Low diastolic blood pressure puts patients at greater risk

While blood pressure drugs have been successful at pushing patient’s systolic blood pressure down to 120—the recognized benchmark for a healthy blood pressure—they have also dropped diastolic blood pressure to potentially dangerous levels.

Researchers at Johns Hopkins Medical Center in Baltimore have evidence suggesting that driving diastolic blood pressure too low will damage heart tissue.
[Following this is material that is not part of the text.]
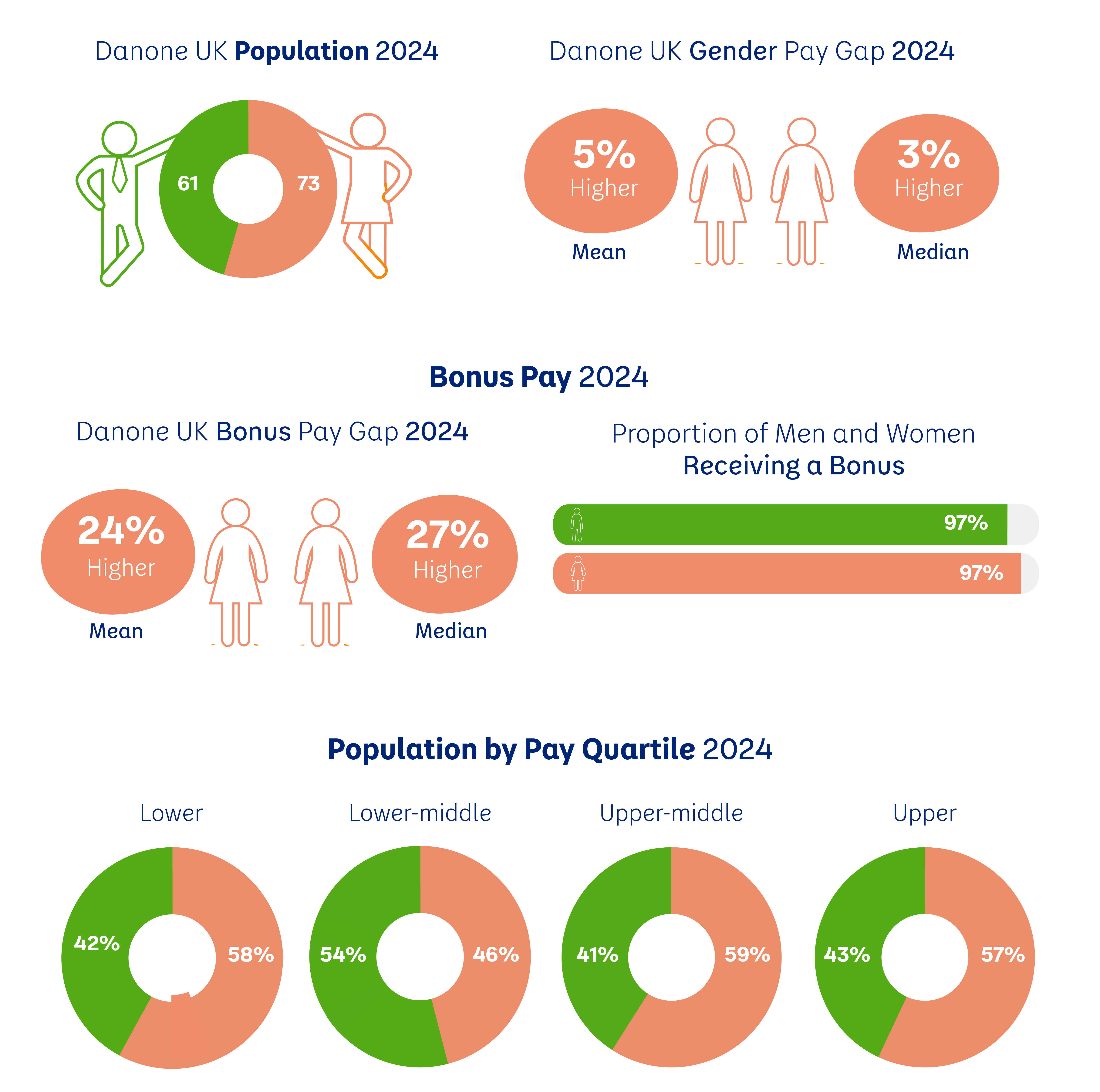 Once again, this year’s publication reports on the combined gender pay gap for our entire UK business. We have chosen to go beyond the Gender Pay Gap regulations, which require reports for organisations with more than 250 people. Our Alpro business features for the fifth time, reinforcing our commitment to fairness and equity across our full UK operation and tracking progress across all our locations.

"Our key finding suggests that for some patients, there should perhaps be modification of intensive anti-hypertensive treatment recommendations issued last year as a result of the SPRINT trial, and that physicians shouldn't look at driving down the top blood pressure number in isolation without considering implications of lowering the bottom number,” J. William Envoy, assistant professor of medicine and member of the Ciccarone Center for the Prevention of Heart Disease at the Johns Hopkins University School of Medicine, said in a statement.

The 2015 SPRINT trial showed protective cardiovascular benefits in patients who were placed on drugs to get high blood pressure down to 120/80.
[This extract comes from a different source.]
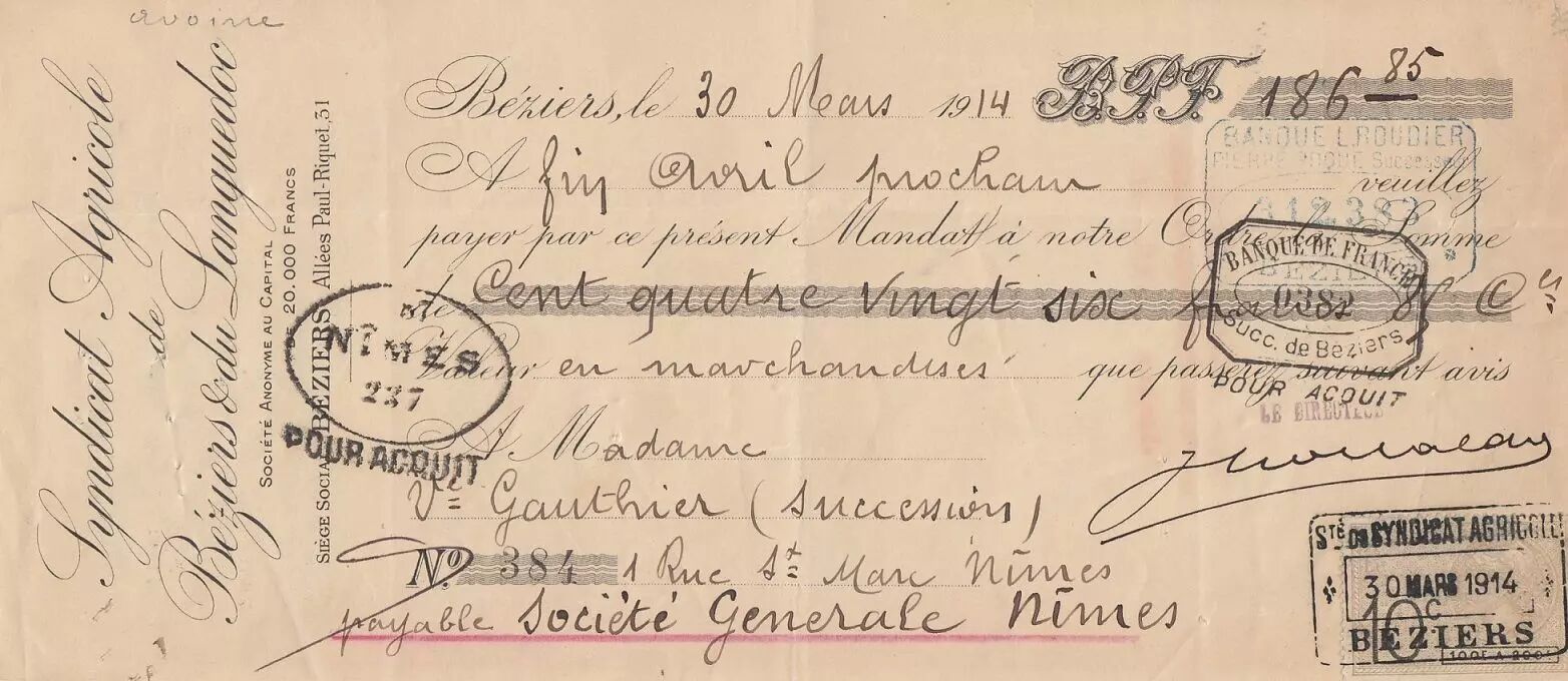 Home > World Banknotes > Checks and Traveler's Checks > France 186.85 francs - Bank cheque receipt - Syndicat agricole de Béziers et du Languedoc - 1914
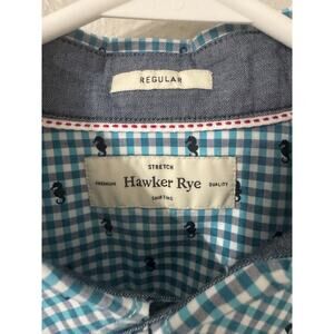 Hawker Rye Stretch Regular Fit Blue White Gingham Seahorse Button Down Shirt LgL

Johns Hopkins began the study because there were some prior indications that patients with low diastolic blood pressure may suffer from inadequate pumping pressure through the coronary arteries.

Researchers followed 11,565 patients for 21 years over a series of five visits the last of which occurred in 2013. Each visit included blood pressure measurement, and several included blood testing.

The results showed that 1,087 patients with a diastolic blood pressure between 60 and 69 mm of mercury were 52 percent more likely to have heart damage. Those with a diastolic blood pressure between 70 to 99 mm of mercury showed no greater risk of heart damage.

Of those patients with a diastolic blood pressure under 60 mm of mercury, 165 had coronary heart disease events, 56 had strokes and 345 people died. Overall, those with the lowest diastolic blood pressure were nearly half (49 percent) more likely to have heart disease and 32 percent more likely to die of any cause.